We see an obviously mixed-up Dean, confused by his parents’ advice, yelling: “You’re tearing me apart!” He beats on a cop’s desk. The cop, who appears to be some kind of shrink, talks, sensitively, with Dean who notes that his parents “never made sense” —- as if Dean would know what made sense, which is doubtful, to put it charitably. Dean says he wishes his Dad, just once, had knocked his Mom out, cold, because his Mom and her Mom had made “mush” out of his Father. Dean says that all he wants is just one day when he didn’t have to feel “all confused” and “ashamed” of everything and felt that he belonged “some place.” This helpful cop tells Dean to call him day or night whenever he needs someone to talk to.
On his first day at a new high school, Dean leaves for school actually wearing a tie! —- which he quickly takes off. He even has his hair combed. When he meets Natalie Wood, they exchange cynical cracks about life and he asks if he can —— carry her books for her?! But, she jumps in a car with her friends, telling Dean, prophetically: “I bet you’re a real yo-yo.”
Shortly before school begins, we are startled by what sounds like a gun shot.

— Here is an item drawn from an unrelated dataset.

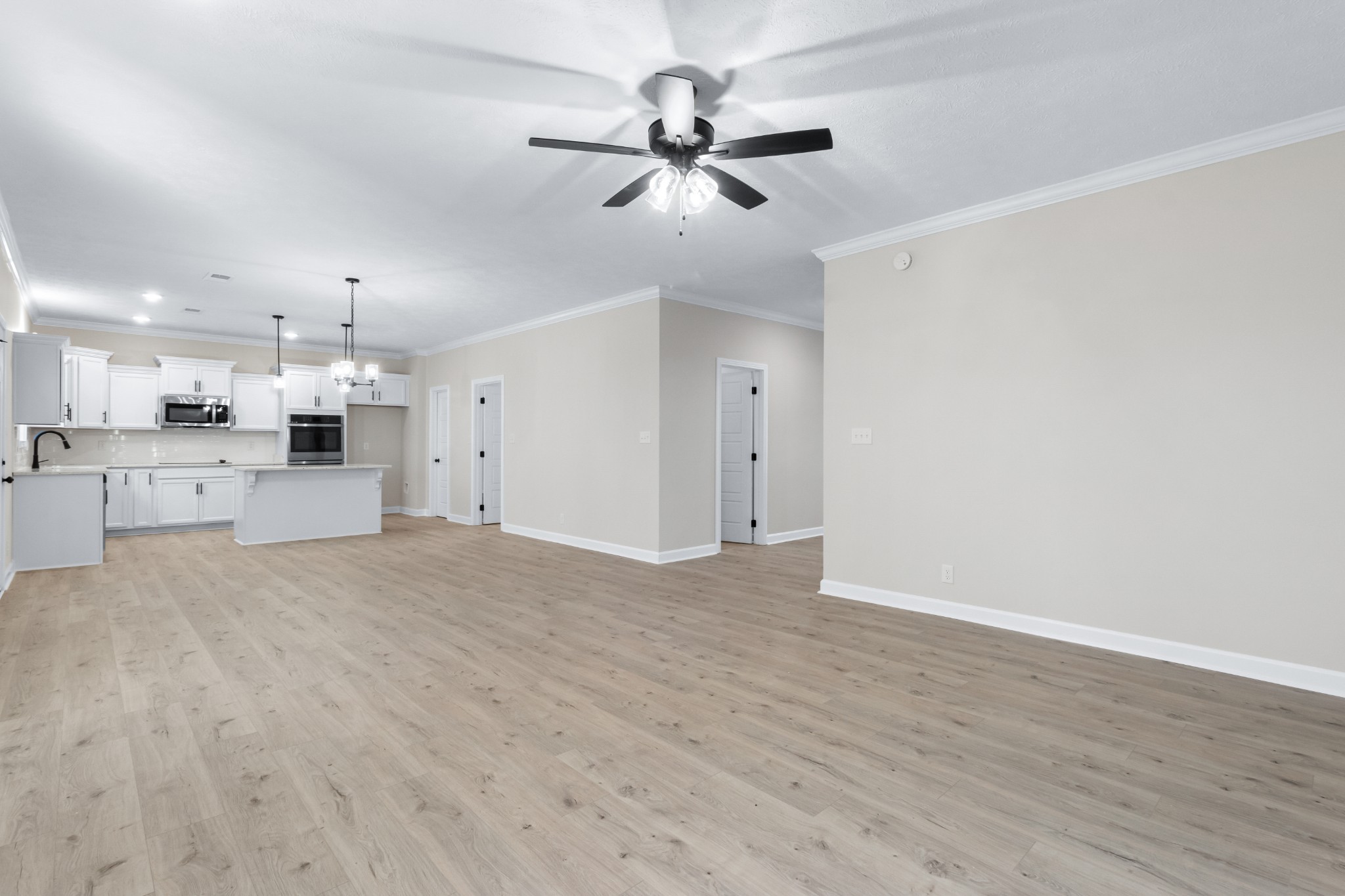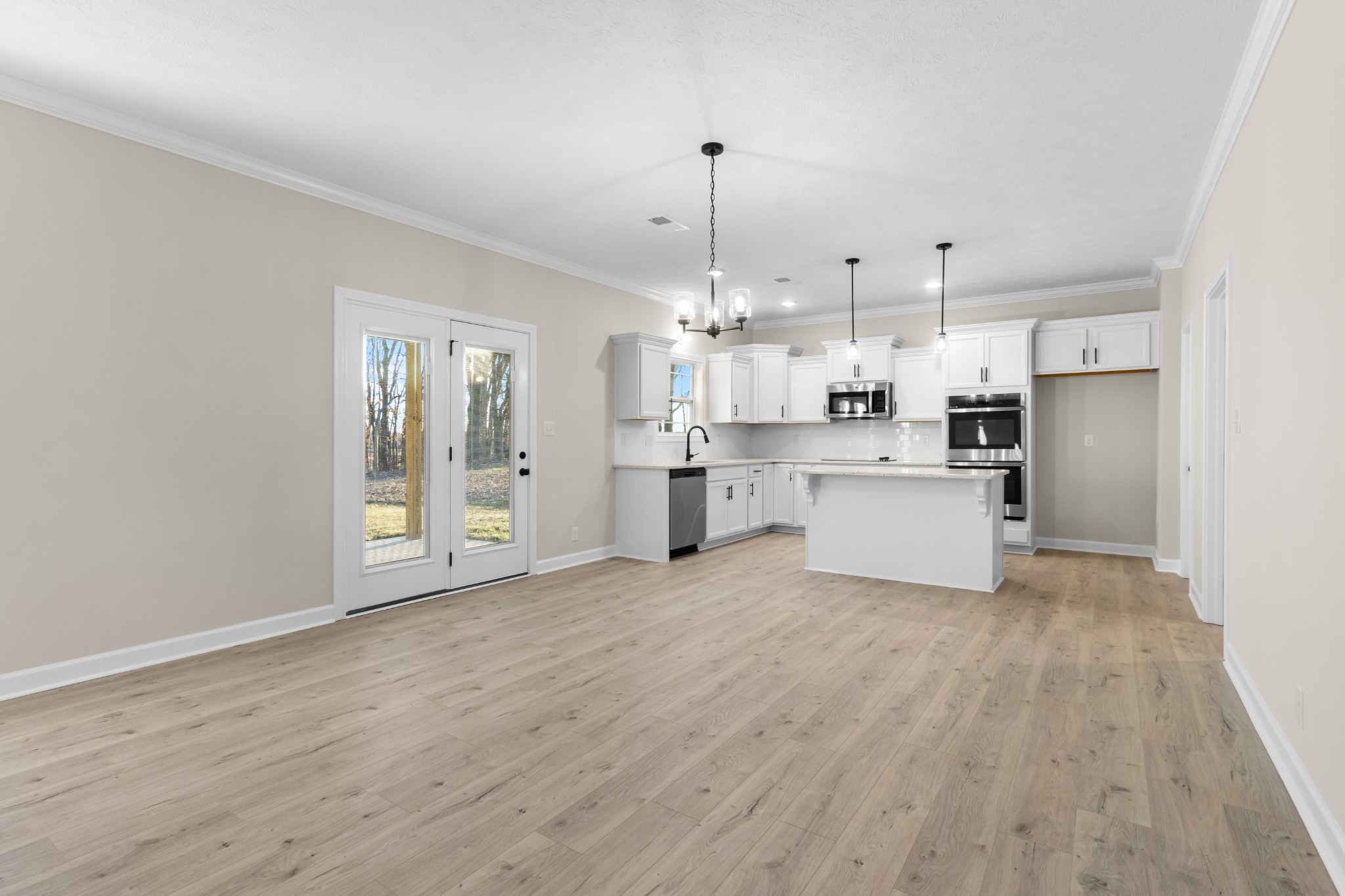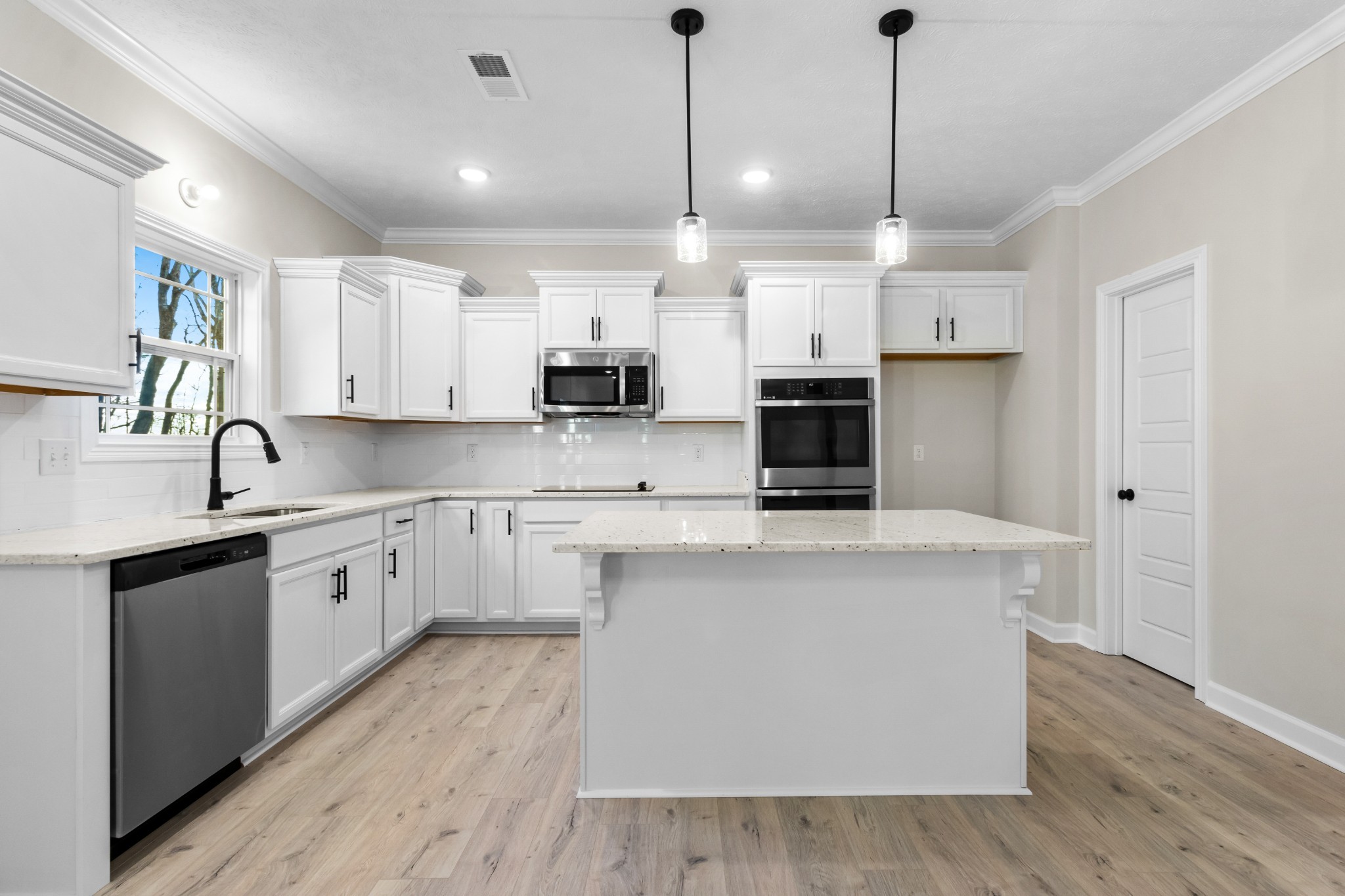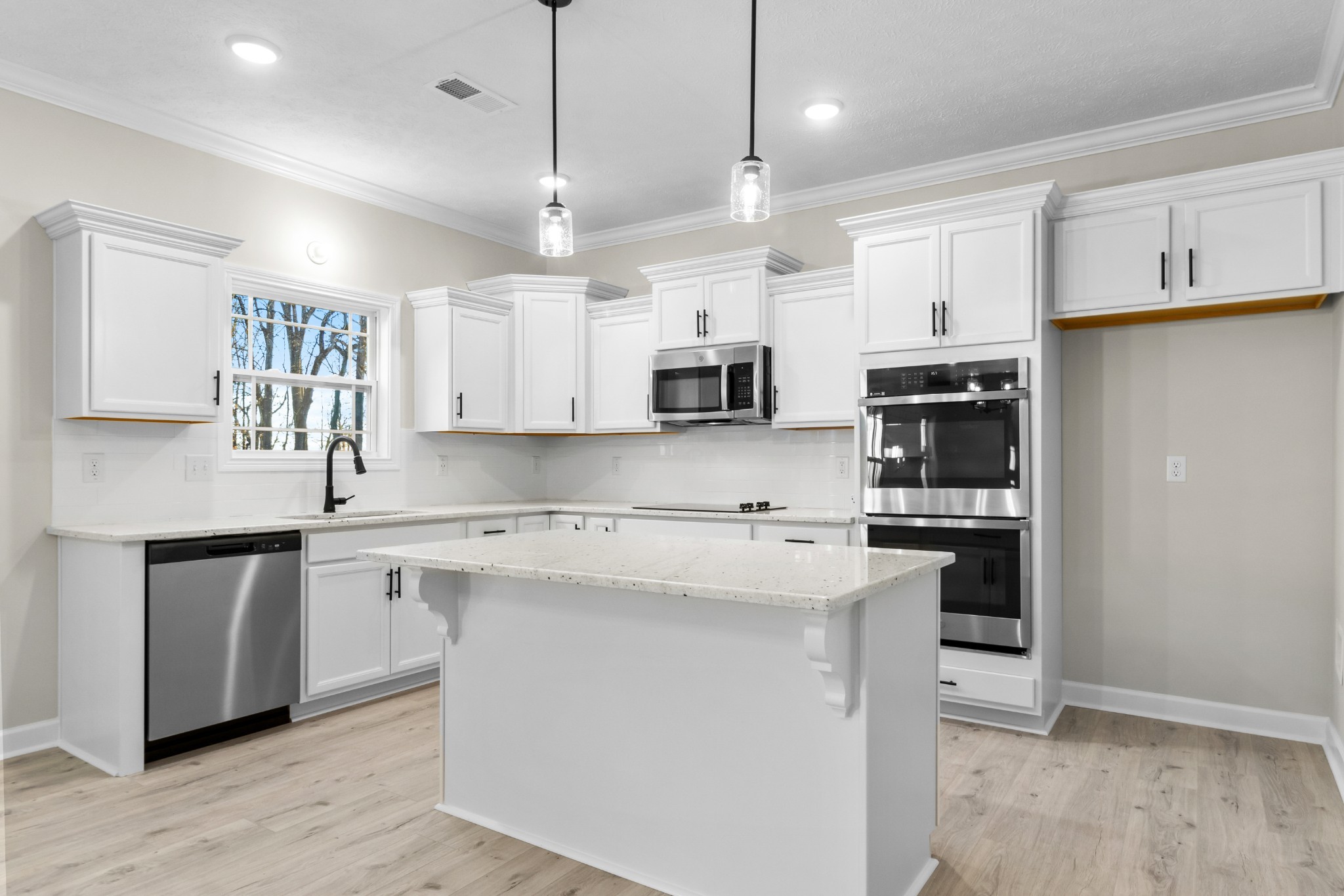 Let’s start with the heart of the home—the kitchen. Featuring a large island that opens into the living and dining areas, this space is absolutely made for entertaining. Whether you're hosting brunch or prepping a casual weeknight dinner, the open layout ensures you're always part of the conversation. Granite countertops, a stylish backsplash, sleek appliances including double ovens, and other high-end finishes give it a look you’ll never grow tired of.

And it is. No, not a drive-by shooting by students with automatic weapons. The noise we hear is the sound of a miniature cannon fired as the American flag is raised in front of the school. The tough guys at this school are symbolized by a close-up camera shot of some male students wearing heavy boots. Scary, huh?
At a planetarium where one class goes, including Dean and Wood, we hear a lecturer telling us about “the blackness of space from which we began” and how “man, existing alone, seems of little consequence.” Evolutionary nonsense has been taught in our public schools for decades.
As a new student, Dean is hassled. A punk named “Buzz” sticks a switchblade knife in a front tire of Dean’s 1951 customized Mercury. Dean and “Buzz” subsequently fight, with switchblade knives, with “Buzz” telling him that the rules are: “no sticking, just a little jabbing.” Back then there were, evidently, rules, even for knife-fighting. Deans wins, flipping “Buzz’s” knife out of his hand.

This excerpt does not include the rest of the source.